Extracted data entries
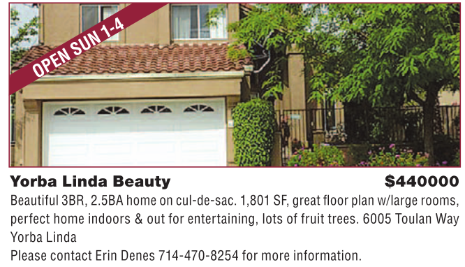 Yorba Linda Beauty $440000 Beautiful 3BR, 2.5BA home on cul-de-sac. 1,801 SF, great fl oor plan w/large rooms, perfect home indoors & out for entertaining, lots of fruit trees. 6005 Toulan Way Yorba Linda Please contact Erin Denes 714-470-8254 for more information.
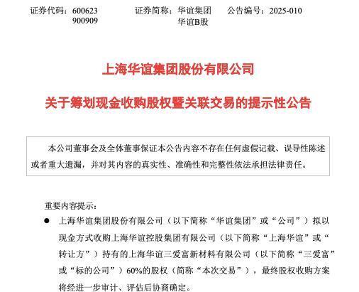 公告泄漏,围绕公司聚焦新材料、强化科技编削的发展原则,为进一步股东公司在氟化工产业的计谋布局,升迁概述竞争力,终了协同效应,公司拟以现款状貌收购上海华谊执有的上海华谊三爱富新材料有限公司(以下简称“三爱富”或“主见公司”)60%的股权(简称“本次交游”),最终股权收购决议将经进一步审计、评估后协商笃定。
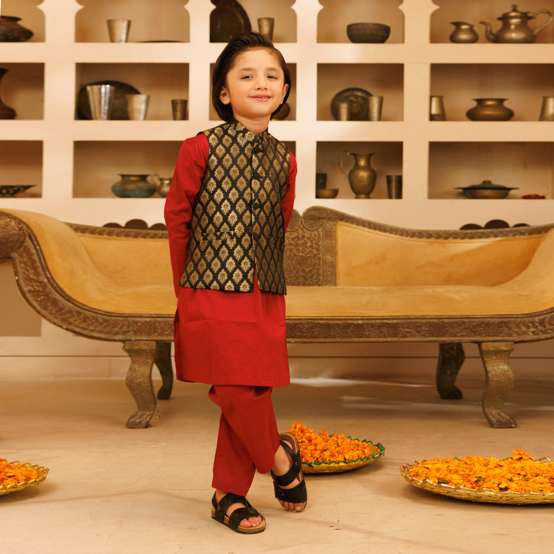 Boys Poly Viscose 3-Piece Suit (Classic)-RED/BLACK
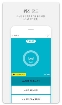 - 앱 설치 후 바로 학습 시작: 별도 로그인 없이 앱 설치 후 곧바로 단어 학습을 시작할 수 있습니다.
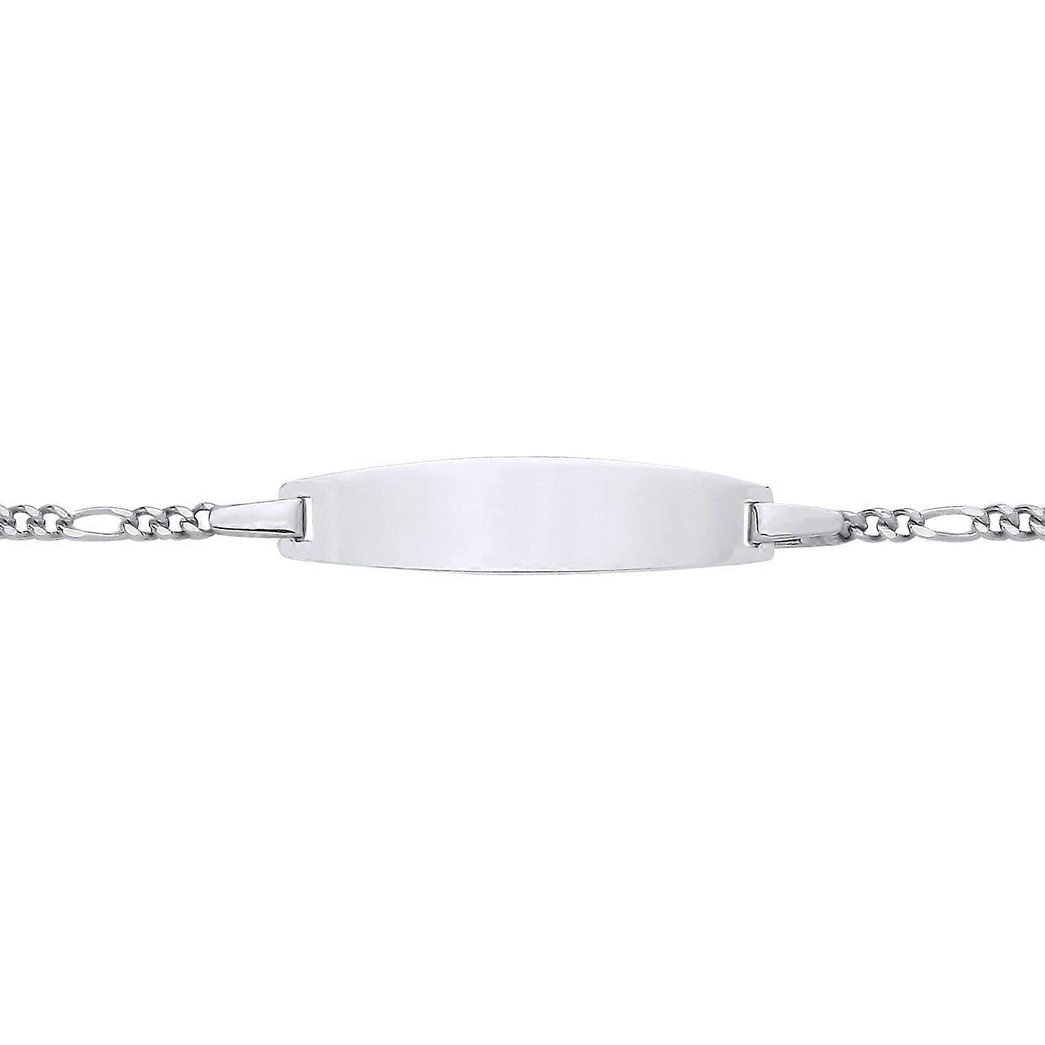 Jewelco London Kids Rhodium Plated Sterling Silver Figaro Chain Oval Bar Identity ID Bracelet 5 + 1 inch

*ASSIGNMENT:* Please copy the data shown above, line by line and exactly, omitting the images.

*TASK RESPONSE:*
 Yorba Linda Beauty $440000 Beautiful 3BR, 2.5BA home on cul-de-sac. 1,801 SF, great fl oor plan w/large rooms, perfect home indoors & out for entertaining, lots of fruit trees. 6005 Toulan Way Yorba Linda Please contact Erin Denes 714-470-8254 for more information.
 公告泄漏,围绕公司聚焦新材料、强化科技编削的发展原则,为进一步股东公司在氟化工产业的计谋布局,升迁概述竞争力,终了协同效应,公司拟以现款状貌收购上海华谊执有的上海华谊三爱富新材料有限公司(以下简称“三爱富”或“主见公司”)60%的股权(简称“本次交游”),最终股权收购决议将经进一步审计、评估后协商笃定。
 Boys Poly Viscose 3-Piece Suit (Classic)-RED/BLACK
 - 앱 설치 후 바로 학습 시작: 별도 로그인 없이 앱 설치 후 곧바로 단어 학습을 시작할 수 있습니다.
 Jewelco London Kids Rhodium Plated Sterling Silver Figaro Chain Oval Bar Identity ID Bracelet 5 + 1 inch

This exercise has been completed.